Passing thience about four and twenty miles, we came to another place, where we had a very good refreshing meeting; but after it, some Papists that were there were angry, and raged very much. When I heard of it, I sent for one of them, who was a schoolmaster; but he would not come. Whereupon I sent a challenge to him, with all the friars and monks, priests and Jesuits, to come forth, and “try their God and their Christ, which they had made of bread and wine," but no answer could I get from them. Wherefore I told them, “ they were worse than the priests of Baal; for Baal's priests tried their wooden god, but these durst not try their god of bread and wine; and Baal's priests and people did not eat their god as these did, and then make another."

We went to New GARDEN, where there was a great meeting. Thence we travelled on among Friends, till we came to BANDON BRIDGE and the Land's End, having many meetings as we went, in which the mighty power of the Lord was manifested, Friends were well refreshed, and many people were affected with the truth. At Bandon, the mayor's wife being herself convinced, desired her husband to come to the meeting; but he bid her, for her life, not to make known that I was at a meeting there.

. He that was then mayor of CORK was very envious against truth and Friends, and had many Friends in prison; and knowing that I was in the country, he had issued four warrants to take me; wherefore Friends were desirous that I might not ride through Cork. But being at Bandon, there appeared to me, in a vision, "a very ugly visaged man, of a black and dark look : my spirit struck at him in the power of God; and it seemed to me, that I rode over him with my horse, and my horse set his foot on the side of his face.” When I came down in the morning, I told a friend that was with me, that the command of the Lord was to me to ride through Cork; but bid him tell no man. So we took horse, many Friends being with me; and when we came near the town, they would have showed me a way on the backside of the town; but I told them, my way was through the streets.
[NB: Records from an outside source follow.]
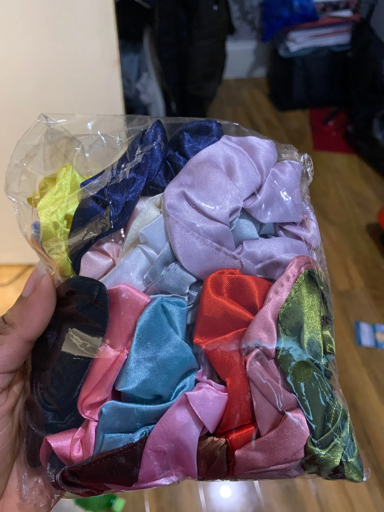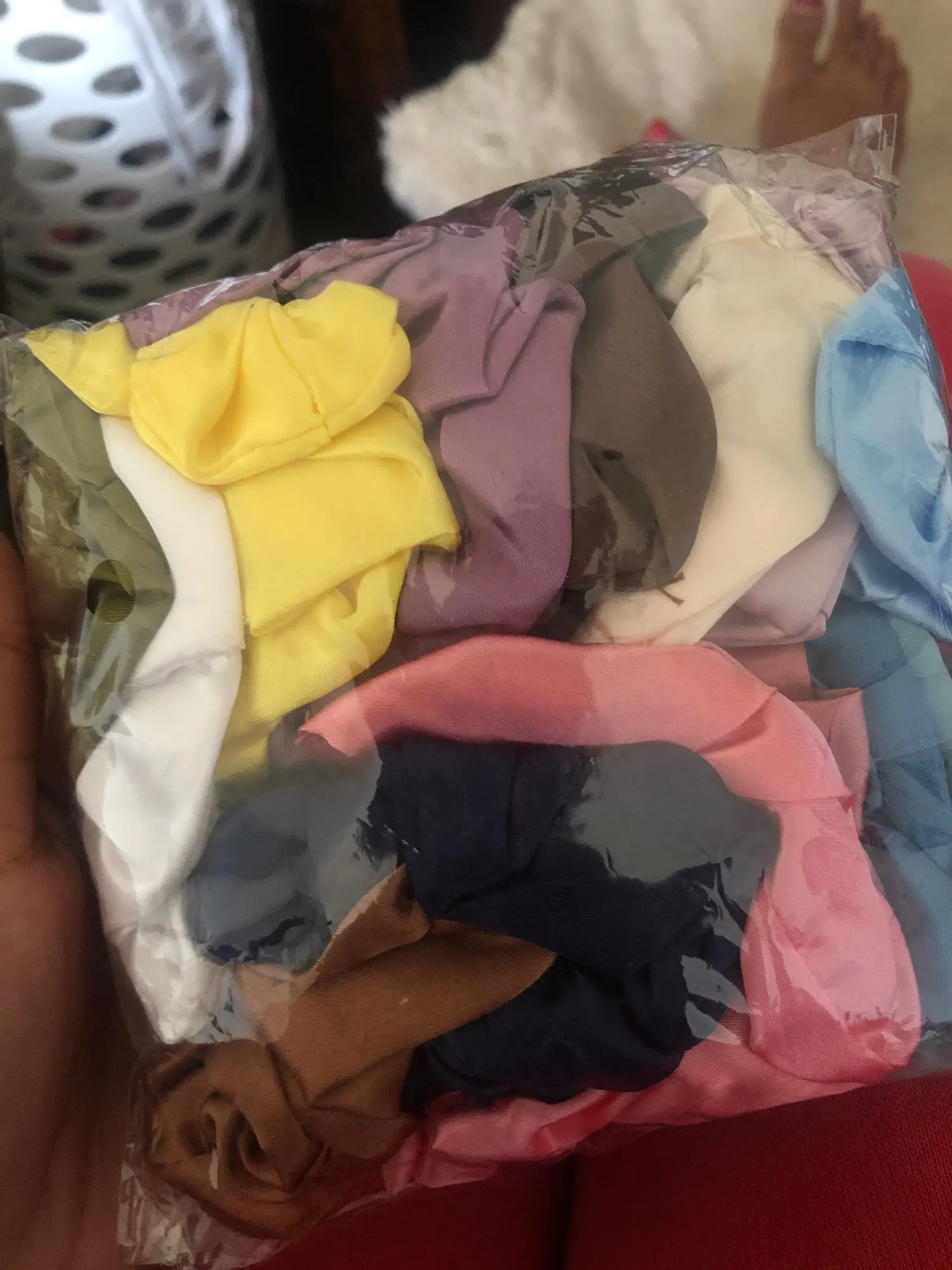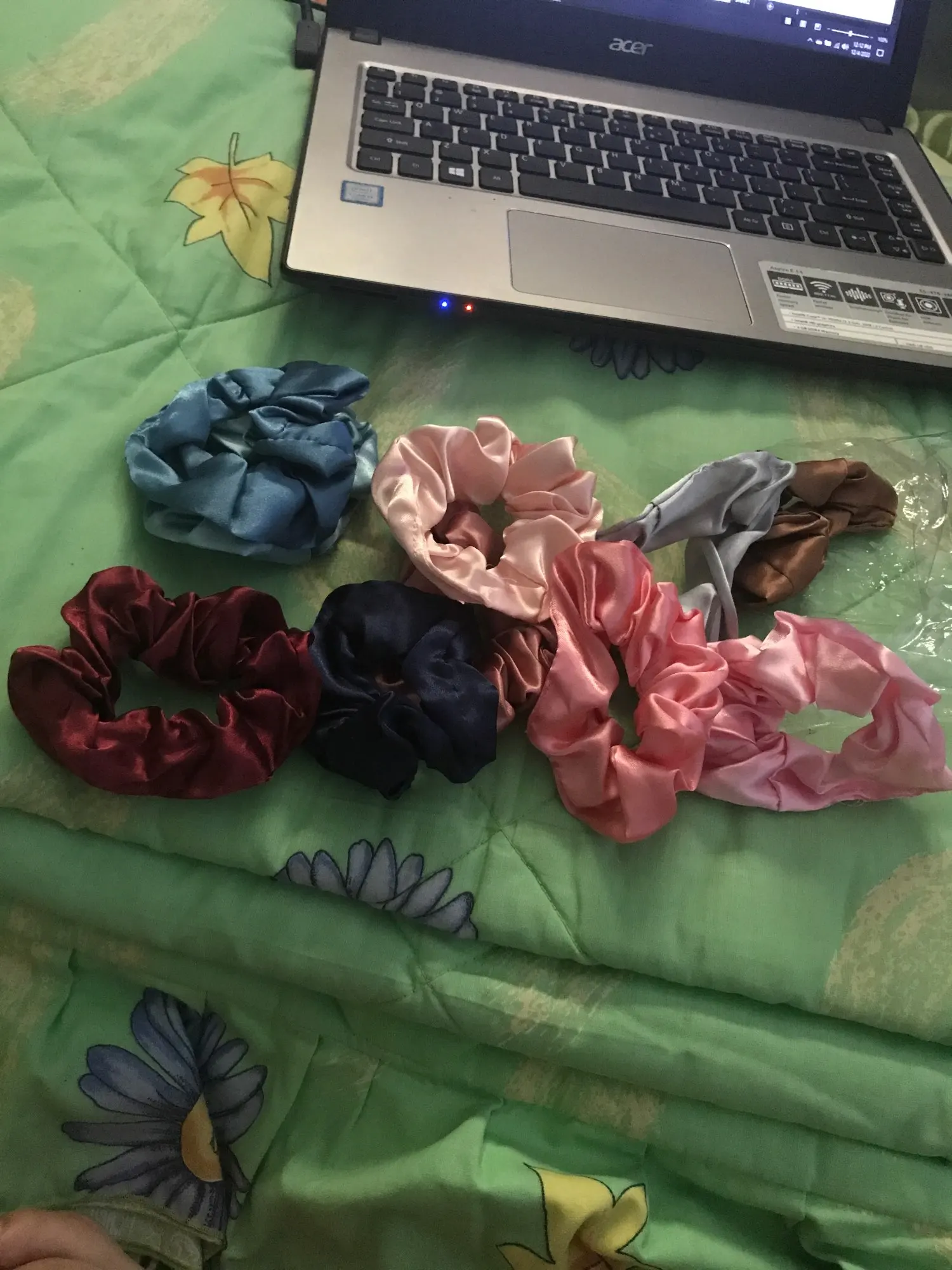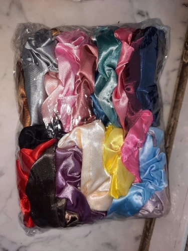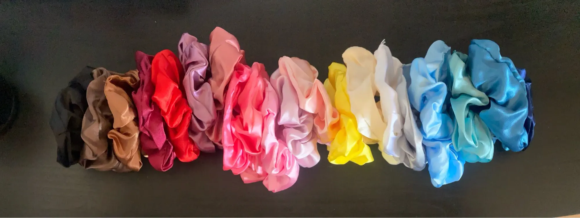 Dommage qu'on se retrouve parfois avec plusieurs scrunchies de la même couleur ou presque identique, sinon très mignon et se porte bien au poignet aussi
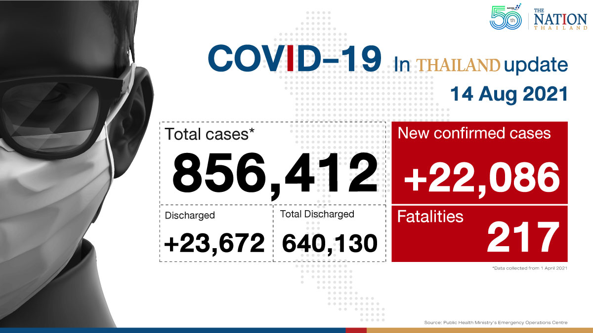 Thailand recorded 22,086 Covid-19 cases and 217 deaths on Saturday.
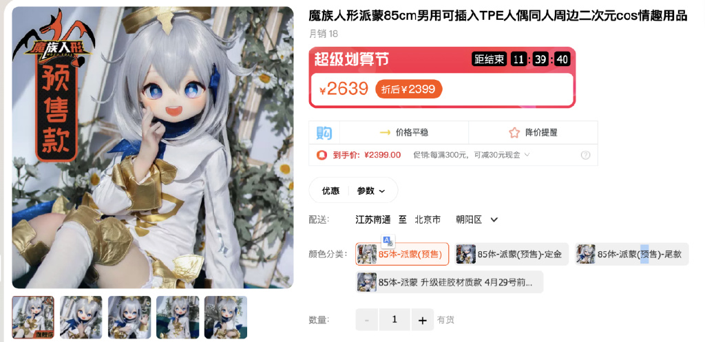 而实体娃娃厂家们,连身高只有85cm的派蒙也没有放过。
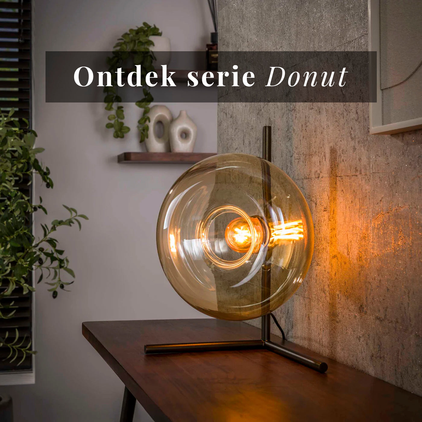 Tafellamp Donut - 1-lichts - Amberkleurig - Glas
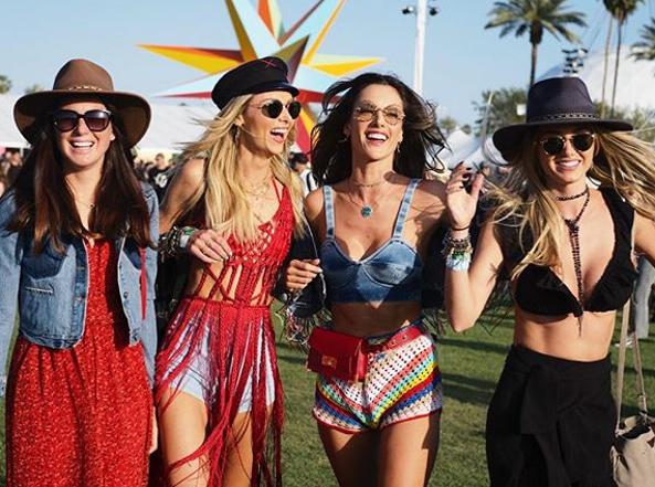 Non poteva mancare Alessandra Ambrosio, che si aggiudica lo scettro dello stile a ogni edizione. Questa volta la top ha sfoggiato un look composto da crop top, micro shorts crochet e giacca di denim con frange multicolor e poi un minidress a rete con giochi tie-dye. Presenti quest'anno anche le sorelle Gigi e Bella Hadid che hanno indossato top e shorts microscopici. Kendall Jenner invece, ha optato per un look casual formato da micro top sportivo, pantaloni mimetici e trainer. Splendida anche la modella Jasmine Tookes con top di pizzo cut-out e maxi skirt floreale. A completare il look un cappello di paglia e sandali flat borchiati.

Wherefore taking one of them along with me, whose name was Paul Morrice, to guide me through the town, I rode on; and as we rode through the market-place, and by the mayor's door, he seeing me ride by, said, " there goes George Fox;" but he had not power to stop me. When we had passed through the sentinels, and were come over the bridge, we went to a Friend's house and alighted. There the Friends told me what a rage was in the town, and how many warrants were granted to take me. While I was sitting there with Friends, I felt the evil spirit at work in the town, stirring up mischief against me; and I felt the power of the Lord strike at that evil spirit. By and by some other Friends coming in, told me, that it was over the town, and amongst the magistrates, that I was in the

town. I said, “let the devil do his worst.” After a while, that Friends were refreshed one in another, and we travellers had refreshed ourselves, Į called for my horse, and having a Friend to guide me, we went on our way. But great was the rage, that the mayor and others of Cork were in, that they had missed me; and great pains they afterwards took to take me; having their scouts abroad upon the roads, as I understood, to observe which way I went. Afterwards there was scarcely a public meeting I came to, but spies came to watch if I were there. And the envious magistrates and priests sent informations one to another concerning me, describing me by my hair, hat, clothes, and horse, so that when I was near a hundred miles from Cork, they had an account concerning me, and description of me, before I came amongst them. One very envious magistrate, who was both a priest and a justice, got a warrant from the judge of the assize to apprehend me; which warrant was to go over all his circuit, which reached near a hundred miles. Yet the Lord disappointed all their counsels, and defeated all their designs against me; by his good hand of Providence preserved me out of all their snares, and gave us many sweet and blessed opportunities to visit Friends, and spread truth through that nation. For meetings were very large, Friends coming to them far and near; and other people flocking in. The powerful presence of the Lord was preciously felt with and amongst us; whereby many of the world were reached, convinced, and gathered to the truth; the Lord's flock was increased, and Friends were greatly refreshed and comforted in feeling the love of God. O, the brokenness that was amongst them in the flowings of life! So that, in the power and Spirit of the Lord, many together broke out into singing, even with audible voices, making melody in their hearts.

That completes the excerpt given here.